Hey there Pangeo community,

I’m dealing with an unwieldy 40GB NetCDF4 file that is a collection of various in-situ snow cover datasets. There are 10,118 stations reporting at varying temporal frequencies between 1979 and 2022. My mentor and I are comparing this file to two NOAA climate data records to analyze how in-situ observations compare to satellite data. We’re only interested in looking at the period between 2001 and 2022.

I downloaded this file and then uploaded it to our AWS server, hoping to be able to access it programmatically from there. I keep running into a problem where it either wants to open the entire dataset at once (40GB of file in 16GB of RAM and it blows up instantly, either crashing the EC2 environment or throwing a memory error) or it gets stuck loading and slowly ticking up the RAM use until it has to be force quit.

combined_norswe_debug1226×943 177 KB

(combined_norswe_debug) In one of our smaller comparison datasets (~30MB) the top code cell works without any issues. But for the 40GB file it throws the memory error.
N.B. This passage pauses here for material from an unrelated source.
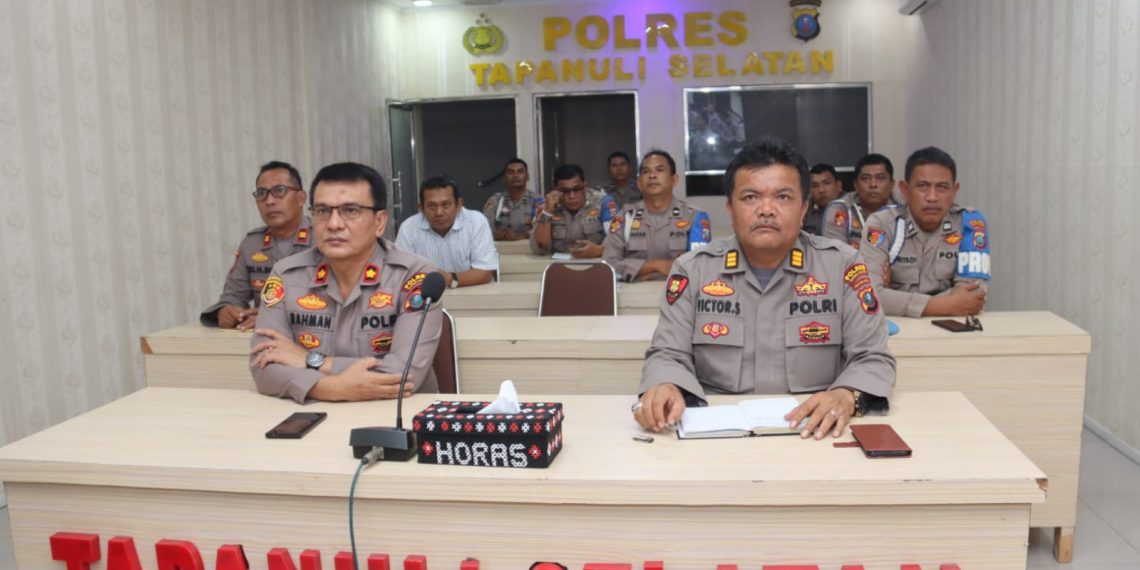Kontras independen.com-Tapanuli Selatan, Kapolres Tapanuli Selatan (Tapsel), AKBP Imam Zamroni , SIK, MH, melalui Wakapolres, Kompol Rahman Takdir Harahap, SH, mengikuti rapat kerja teknis (Rakernis) gabungan Divisi Polri 2023 bersama Kapolri, Jendral Pol Listyo Sigit Prabowo MSi, Kamis (2/3/2023) sore.

The second iteration is the slow-crash version. If I try to set chunks={‘time’: 1, ‘station_id’:10118} then it runs out of RAM nearly instantaneously. With just one station it never crashes, but it never makes it to the second debug statement either. I ran it for 15 minutes and the RAM usage peaked at around 4GB before I killed the process. With chunks=‘auto’ it ballooned up to around 13GB of RAM in 8 minutes before I killed it.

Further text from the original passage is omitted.